Scientific classification
- Kingdom: Plantae
- Clade: Tracheophytes
- Clade: Angiosperms
- Clade: Eudicots
- Clade: Rosids
- Order: Fabales
- Family: Fabaceae
- Subfamily: Caesalpinioideae
- Clade: Mimosoid clade
- Genus: Acacia
- Species: A. richardsii
- Binomial name: Acacia richardsii Maslin

= Acacia richardsii =

- Genus: Acacia
- Species: richardsii
- Authority: Maslin
- Conservation status: P3

Species of legume

Acacia richardsii is a shrub belonging to the genus Acacia and the subgenus Juliflorae that is endemic to north western Australia.

==Description==
The bushy, rounded shrub typically grows to a height of 1.5 to 4 m.

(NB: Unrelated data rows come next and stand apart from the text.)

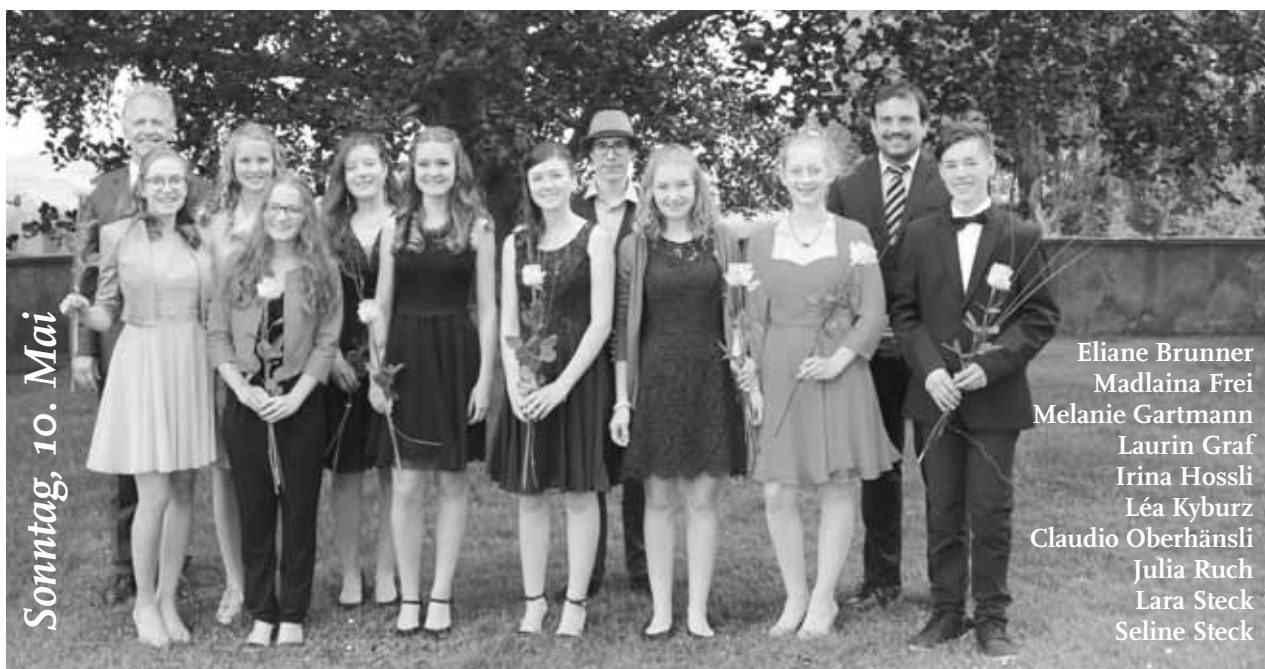
Sonntag, 10. Mai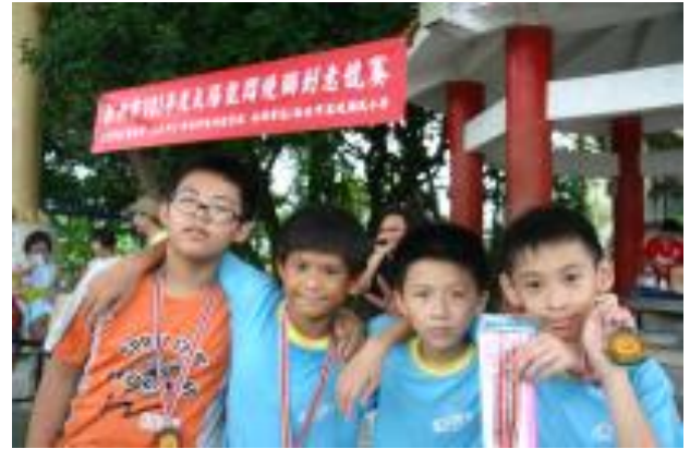
能源教育—學生參加新北市太陽能 悶燒鍋製作競賽獲得最佳創意獎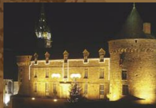
Château de Sillé-le-Guillaume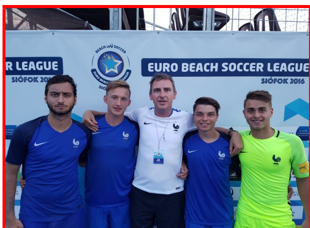
Les 4 nordistes de la sélection nationale Beach Soccer « U 21 »

En outre, quelques joueurs de la région se sont fait remarquer dans les sélections nationales « U 21 » et A, des rencontres inter-ligues ayant eu lieu pour détecter les talents.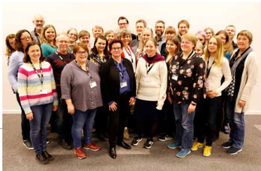
FYLKESLAGSSAMLING: Deltakerne samlet under årets treff i Lillestrøm.

Som ledd i arbeidet med å utrede medlemskriteriene laget deltakerne på samlingen en SWOT-analyse rundt medlemskriteriene. En SWOT-analyse er et planleggingsverktøy som brukes for å vurdere styrker, svakheter, muligheter og trusler. Problemstillingen som deltakerne jobbet med var å kartlegge konsekvensene av en mulig endring fra dagens krav om 60 studiepoeng til ytterligere åpning av medlemskriteriene. SWOT-analysen er et av flere elementer i konsekvensanalysen forbundsstyret jobber med. På bibforb.no er det laget en egen inngang for medlemskriterier vi håper skal være et godt hjelpemiddel for å belyse alle sider av saken. Resultatet av SWOTen vil bli presentert på landsstyremøtet til høsten. ▼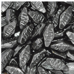
ZOUT JOR3685 20.03€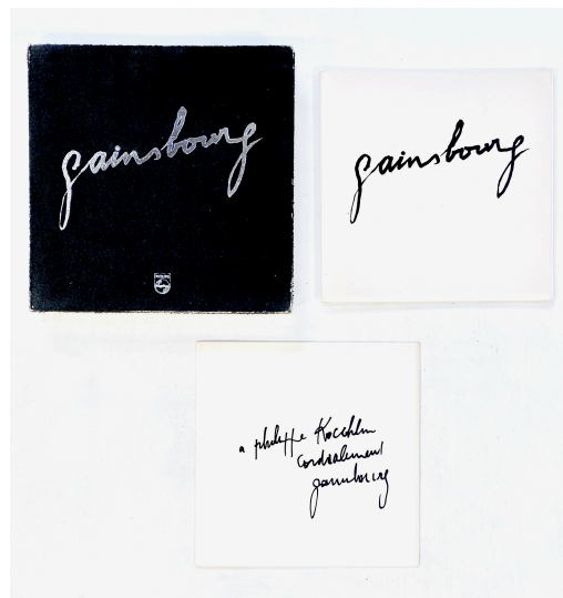
COFFRET VELOURS DE SERGE GAINSBOURG, AVEC DEDICACE DE L'ARTISTE ESTIMATION: 600 - 1000 EUR

Amoureux du jazz, qu'il considère comme l'un des plus grands genre du XXe siècle, ses archives comprennent notamment une série Vogue anniversaire illustrées de photos de Jean-Pierre Leloir, des disques rares à l'instar du 33T de Georges Arvanitas quintet, un yellow label de Barney Wilen ou encore le « Out to Lunch! » d'Eric Dolphy.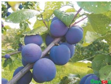
Slika 4. Simptomi šupljikavosti lista kod šljive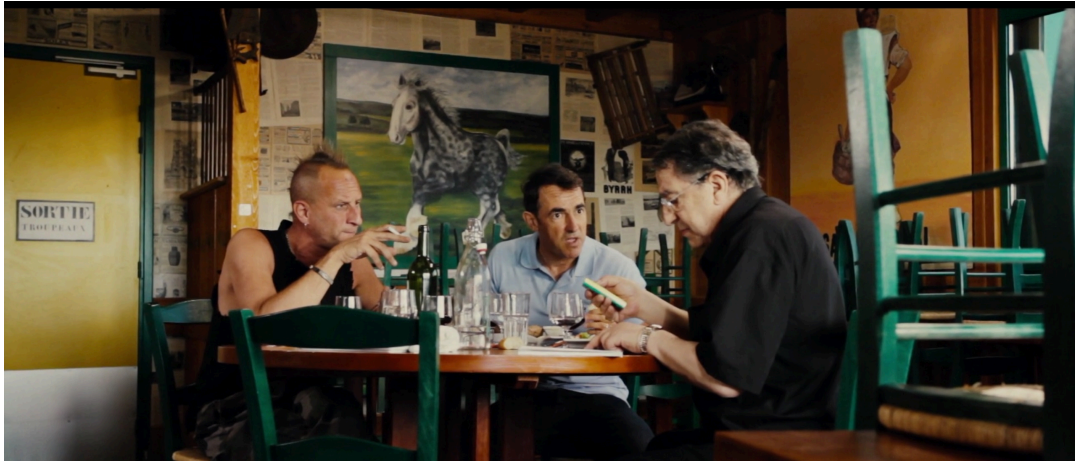
Le Grand Soir, 2012

Une discussion filmée en plan large où chacun parle simultanément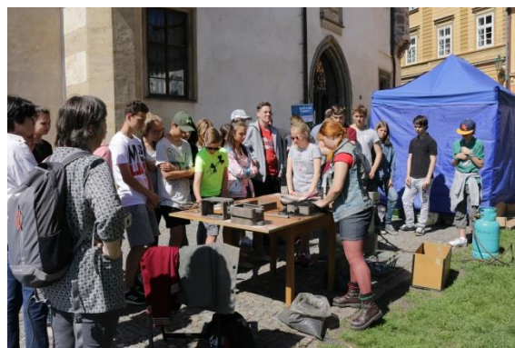
Řemesla pro ZŠ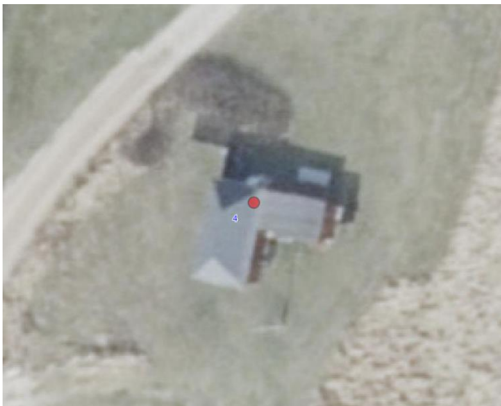
Luftfoto af sommerhuset og udenomsarealer.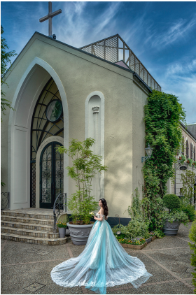
南青山ル・アンジェ教会 <東京・表参道>

その他¥350,000～、¥450,000～のプランもご用意しております。 お選びいただいたプランによって着用いただけるドレスは異なりますので、 詳細はドレスサロンへお問い合わせくださいませ。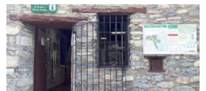
C/ Única, s/n. 22362. Escuaín. Tel. 974 94 15 60

Abierto todos los días en horario ininterrumpido de 9:00 a 18:00 h.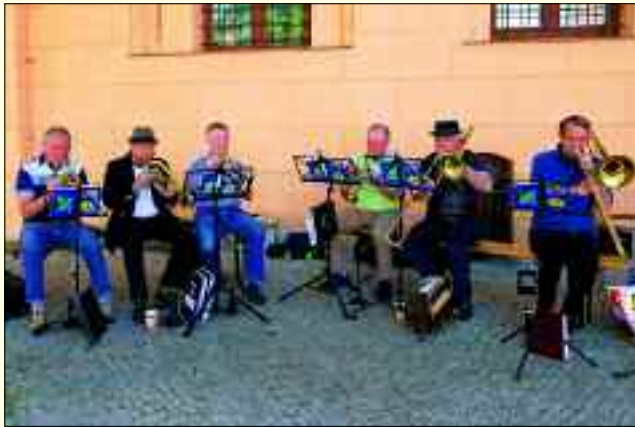
Der 1961 gegründete Posaunenchor Gießmannsdorf ist ein gern gesehener Gast auf den Veranstaltungen in und um Luckau.

Knapp 200 Jahre sollte das Kloster bestehen bleiben, bevor die letzten Mönche nach der Reformation es verließen oder starben. Das Gebäude wurde vom böhmischen König Maximilian II. an die Stadt Luckau übergeben, die es aber auch nach 200 Jahren keinem Nutzen zuführen konnte. Erst als die Stadt es der Landesregierung des Markgrafentums Niederlausitz, den „Ständen“, verkaufte, erhielten die Gebäude des ehemaligen Klosters einen neuen Zweck. Es wurde zu einem Zucht- und Armenhaus. Hier brachte man neben Armen und Züchtlingen auch Geistesranke, Waisen und alte Menschen unter. Das Gefängnis blieb bis 2005 bestehen, zuletzt als Frauen- und Untersuchungshaftanstalt. Mit dem Umbau zur Kulturkirche fand neben der Ninnemann-Stiftung, verschiedenen Vereinen und dem Tourismusverband Niederlausitzer Land e. V. auch das Niederlausitz-Museum 2008 ein neues Zuhause.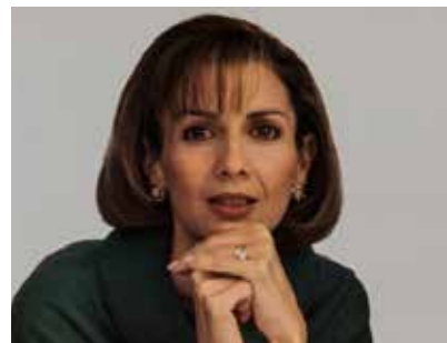
Diana Laura Riojas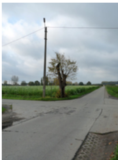
Afbeelding 27: Linde als kruispuntboom

Een oude linde is aangeplant bij het kruispunt Bekestraat - Maldegemstraat. Dit is een boom die als baken functioneerde en als wegmarkering voor reizigers nuttig was. Het betreft een oude Hollandse linde die inmiddels als veteranboom kan gezien worden. Mits aangepaste en goede verzorging kan deze linde nog lang blijven staan.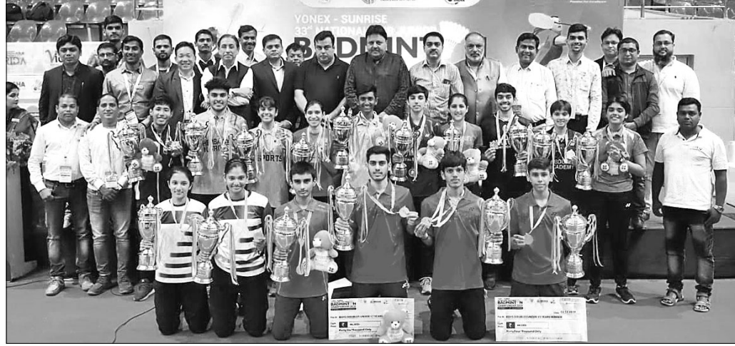
ତ୍ରୁଟି ସହ ଅତିଥିକ ଗହଣରେ କୃତା ପ୍ରତିଯୋଗୀ

ଗ୍ଲାନାୟ ଲକ୍ଷ୍ମୀନଗର ରେଲୱେ ଇନ୍‌ଡୋର ଷ୍ଟାଡ଼ିୟମରେ ଯୋଜନା କରାଯାଇଥିବା ଏହି ମ୍ୟାଚରେ ଓଡ଼ିଶା ଏଫ୍ ସି ପରାସ୍ତ ହୋଇଛି।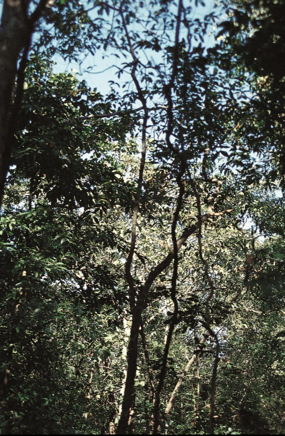
Sanguém – floresta secundária (1956)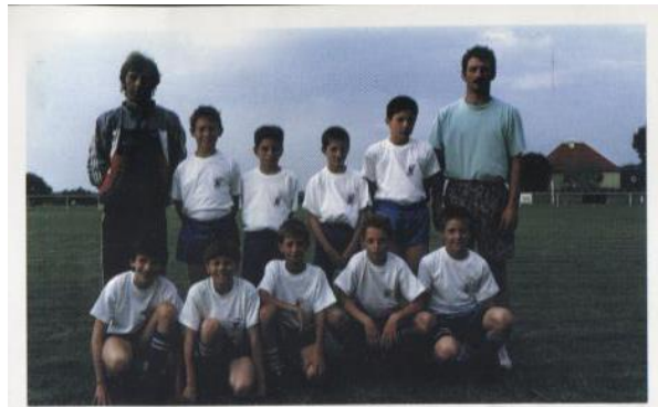
Bethoncourt - 20 juin 93 - Les Pupilles sont Champions de Franche-Comté...

It has glabrous and resin-ribbed branchlets that are angled towards the apices. Like most species of Acacia it has phyllodes rather than true leaves. The evergreen slightly asymmetric phyllodes have a narrowly elliptic to oblong-elliptic shape and a length of 1.7 to 4 cm and a width of 4.5 to 9 mm. The phyllodes are quite thin, obtuse and subglaucous and usually have two nerves per face with many barely noticeable minor nerves. It blooms from March to August producing yellow flowers. The simple inflorescences occur singly or in pairs in the axils on stalks that are 5 to 15 mm in length supporting cylindrical flower-spikes with a length of 2 to 3 cm and a width of 2 to 4 mm packed with golden coloured flowers. Following flowering woody, red-brown seed pods form that have a narrowly oblong to linear shape and are narrowed at the base. The resinous pods are up to 8 cm in length and 4 to 6 mm wide with oblique longitudinal nerves. The shiny grey to brown seeds inside have an oblong shape with a length of around 4.5 mm with a turbinate aril.

==Distribution==
It is native to a small area in the Kimberley region of Western Australia where it is situated on hills, creek beds and in rocky areas where it is found growing in sandstone based soils. It has a limited range from around Kununurra extending eastwards into the top end of the Northern Territory as far as the Keep River National Park.